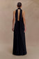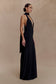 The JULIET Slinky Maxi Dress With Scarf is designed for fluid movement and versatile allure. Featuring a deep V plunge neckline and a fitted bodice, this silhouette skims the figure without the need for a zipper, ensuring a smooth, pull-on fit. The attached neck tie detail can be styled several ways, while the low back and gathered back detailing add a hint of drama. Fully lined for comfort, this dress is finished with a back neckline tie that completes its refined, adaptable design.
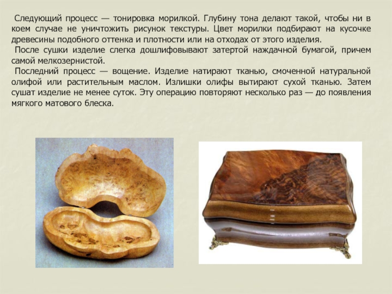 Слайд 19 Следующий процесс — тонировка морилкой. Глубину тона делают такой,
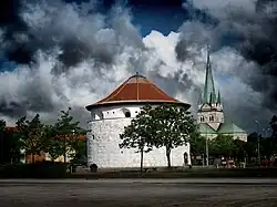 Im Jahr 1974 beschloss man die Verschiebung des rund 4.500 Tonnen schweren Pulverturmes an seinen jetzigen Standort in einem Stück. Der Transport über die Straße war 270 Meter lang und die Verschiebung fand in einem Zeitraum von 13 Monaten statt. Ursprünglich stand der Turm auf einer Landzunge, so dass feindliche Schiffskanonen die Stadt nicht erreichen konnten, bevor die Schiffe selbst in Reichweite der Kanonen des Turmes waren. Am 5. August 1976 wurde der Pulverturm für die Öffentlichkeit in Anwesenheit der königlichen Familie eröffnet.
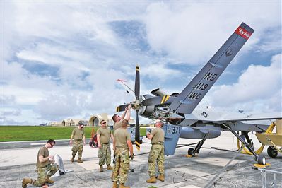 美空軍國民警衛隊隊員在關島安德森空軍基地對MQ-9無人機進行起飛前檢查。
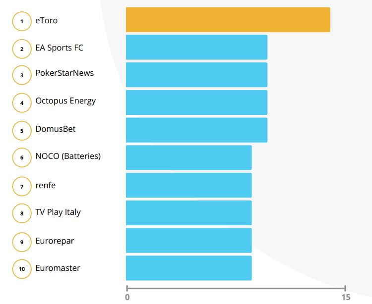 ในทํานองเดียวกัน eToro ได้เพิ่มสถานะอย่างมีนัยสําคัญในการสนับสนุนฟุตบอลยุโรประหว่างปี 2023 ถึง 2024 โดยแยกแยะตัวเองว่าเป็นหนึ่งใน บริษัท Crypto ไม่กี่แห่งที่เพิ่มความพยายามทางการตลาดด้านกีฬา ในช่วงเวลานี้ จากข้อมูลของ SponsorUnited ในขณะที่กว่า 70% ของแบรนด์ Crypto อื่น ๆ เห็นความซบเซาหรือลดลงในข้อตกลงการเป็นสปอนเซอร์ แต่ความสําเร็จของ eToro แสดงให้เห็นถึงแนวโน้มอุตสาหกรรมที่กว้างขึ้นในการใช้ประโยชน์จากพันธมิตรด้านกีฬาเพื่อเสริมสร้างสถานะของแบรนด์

════════════════

> [Instructions to follow] No pictures belong in the copy. Return exactly the lines from the line containing "Im Jahr 1974" through the last line of the listing.

> [Exercise answer]
 Im Jahr 1974 beschloss man die Verschiebung des rund 4.500 Tonnen schweren Pulverturmes an seinen jetzigen Standort in einem Stück. Der Transport über die Straße war 270 Meter lang und die Verschiebung fand in einem Zeitraum von 13 Monaten statt. Ursprünglich stand der Turm auf einer Landzunge, so dass feindliche Schiffskanonen die Stadt nicht erreichen konnten, bevor die Schiffe selbst in Reichweite der Kanonen des Turmes waren. Am 5. August 1976 wurde der Pulverturm für die Öffentlichkeit in Anwesenheit der königlichen Familie eröffnet.
 美空軍國民警衛隊隊員在關島安德森空軍基地對MQ-9無人機進行起飛前檢查。
 ในทํานองเดียวกัน eToro ได้เพิ่มสถานะอย่างมีนัยสําคัญในการสนับสนุนฟุตบอลยุโรประหว่างปี 2023 ถึง 2024 โดยแยกแยะตัวเองว่าเป็นหนึ่งใน บริษัท Crypto ไม่กี่แห่งที่เพิ่มความพยายามทางการตลาดด้านกีฬา ในช่วงเวลานี้ จากข้อมูลของ SponsorUnited ในขณะที่กว่า 70% ของแบรนด์ Crypto อื่น ๆ เห็นความซบเซาหรือลดลงในข้อตกลงการเป็นสปอนเซอร์ แต่ความสําเร็จของ eToro แสดงให้เห็นถึงแนวโน้มอุตสาหกรรมที่กว้างขึ้นในการใช้ประโยชน์จากพันธมิตรด้านกีฬาเพื่อเสริมสร้างสถานะของแบรนด์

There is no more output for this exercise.